Pese a estar curtidos en mil batallas, Hernán Cortés y sus 350 hombres no estaban preparados para lo que les esperaba en la grandiosa Tenochtitlán, la capital del Imperio azteca, el 8 de noviembre de 1519. Nadie procedente de más allá del océano lo habría estado. Allí, en los templos gemelos de Huitzilopochtli (dios del Sol y de la guerra) y Tláloc (dios de la lluvia y la fertilidad), situados en la cumbre del teocali, la pirámide más alta de la ciudad, los sacerdotes aztecas realizaban entre 15.000 y 250.000 sacrificios humanos anuales, la mayor parte de prisioneros de guerra que después eran cocinados y devorados.
Cuatro sacerdotes sujetaban a la víctima, extendida boca arriba sobre el altar de piedra, mientras un quinto le abría el pecho con un cuchillo de obsidiana y le arrancaba el corazón.

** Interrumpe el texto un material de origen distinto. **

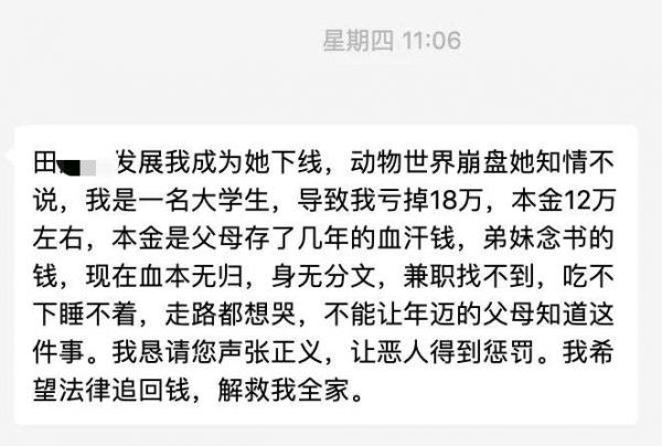 到了11月底,包括钟红、李欣在内的动物世界玩家,看到了盟主李洁在群里的公告称,大家趁年关将至,可以多多投入,能够迎来更大的回报,然而这一纸公告确实晴天霹雳的开始。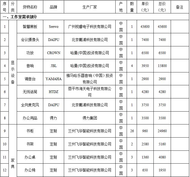 甘肃中金国际招标有限公司受beat365在线唯一官网的委托对“beat365在线唯一官网张艳平名师工作室设备采购及环境改造项目”以竞争性磋商形式进行采购,磋商小组于2020年5月22日确定成交结果。现将成交结果公布如下: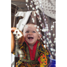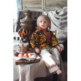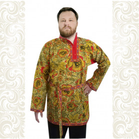 Рубаха торжественно белого цвета с яркой вставкой узора «хохлома» желтого цвета на синем фоне, который обрамляет горловину, концы рукавов и низ изделия. Рисунок напечатан несмываемой краской и не полиняет после многократных стирок.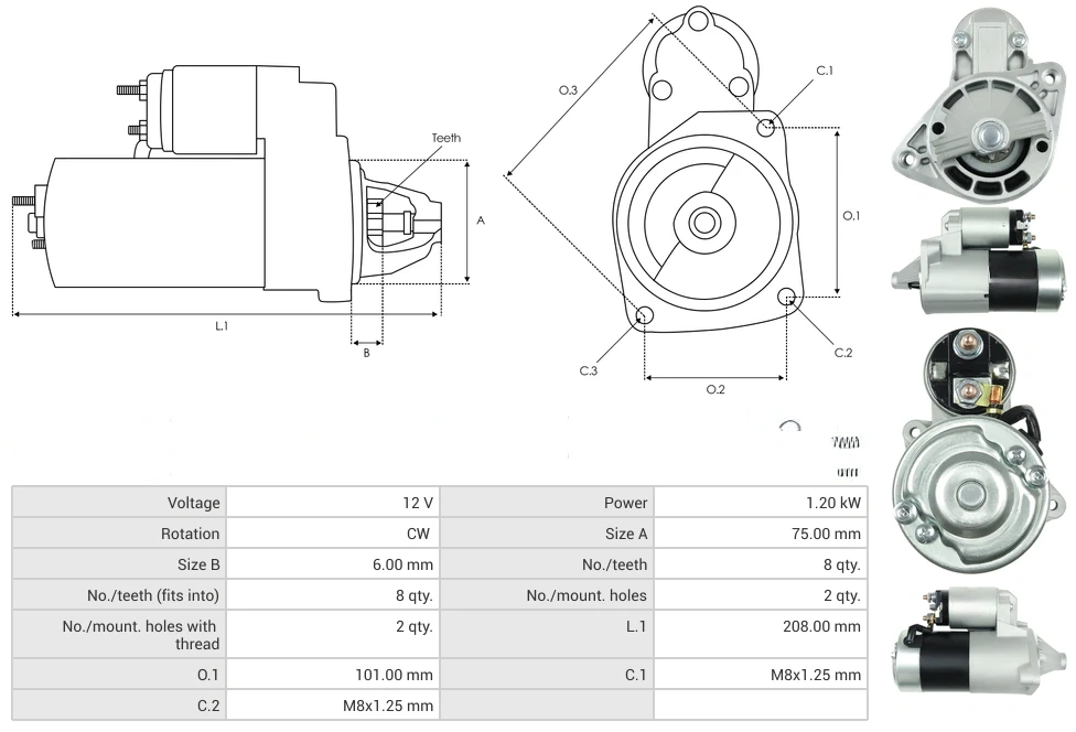 Starters Voltage [ V ] 12 Power [ kW ] 1.20 Rotation CW Size A [ mm ] 75.00 Size B [ mm ] 6.00 No./teeth [ qty. ] 8 No./teeth (fits into) [ qty. ] 8 No./mount. holes [ qty. ] 2 No./mount. holes with thread [ qty. ] 2 L.1 [ mm ] 208.00 O.1 [ mm ] 101.00 C.1 [ mm ] M8x1.25 C.2 [ mm ] M8x1.25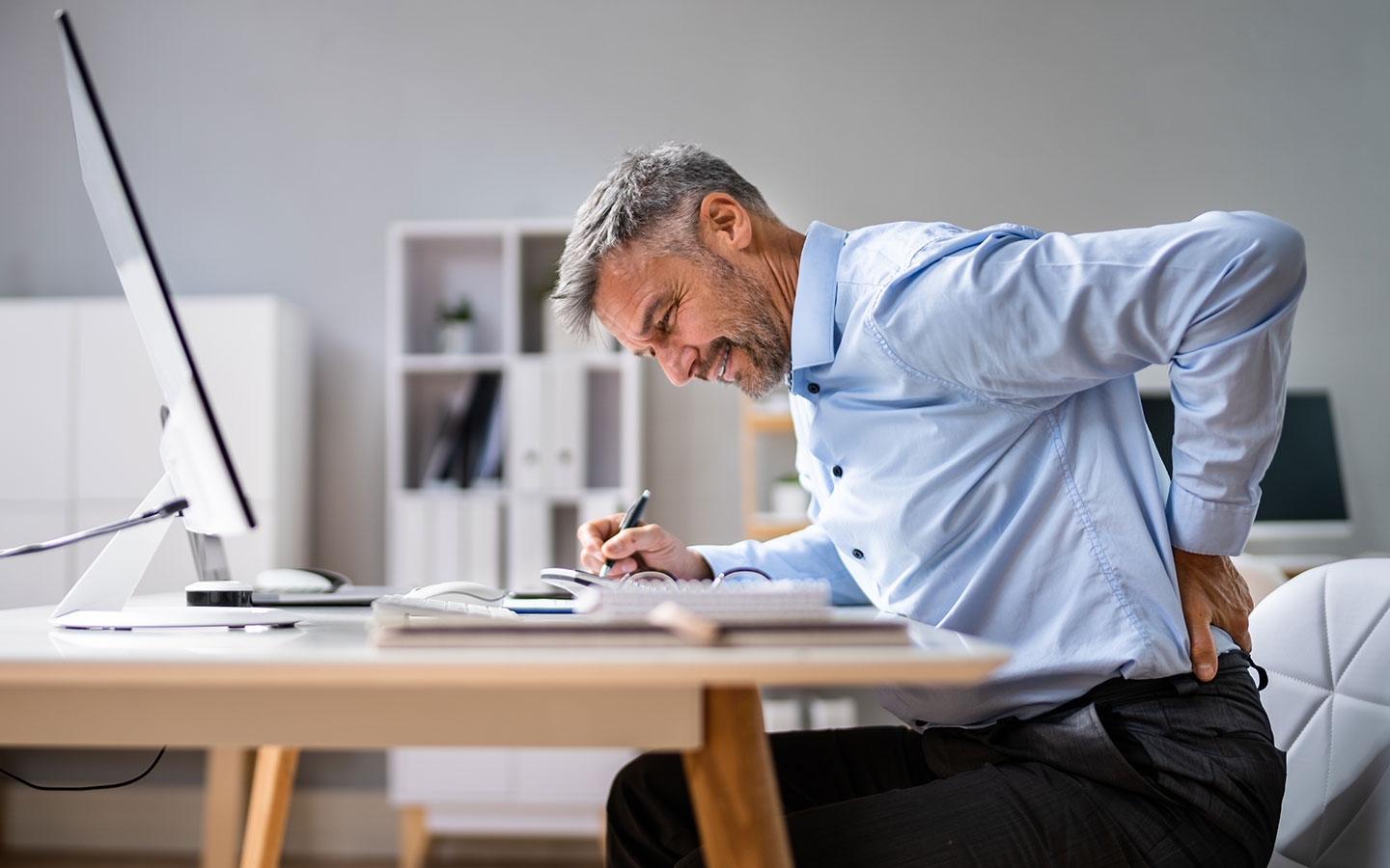 Zaščitite svojo hrbtenico s pravim pisarniškim stolom in pogostimi aktivnimi odmori. Poskrbite za dobro držo in se znebite stresa s preprostimi vajami.

Después, era ofrecido a los dioses y depositado en el cuauhxicalli (vaso del águila), delante del altar. Fray Bernardino de Sahagún, en su Historia general de las cosas de la Nueva España da una detallada descripción de lo que ocurría después: «Después de haberles arrancado el corazón y vertido la sangre en un recipiente de calabaza, que recibía el amo del hombre asesinado, se comenzaba a hacer rodar el cuerpo por los escalones de la pirámide. Terminaba por detenerse en una pequeña plaza situada debajo. Allí, algunos ancianos, a los que llamaban cuacuacuiltin, se apoderaban de él y lo llevaban hasta casas que llamaban calpulli, donde lo desmembraban y lo dividían a fin de comerlos…»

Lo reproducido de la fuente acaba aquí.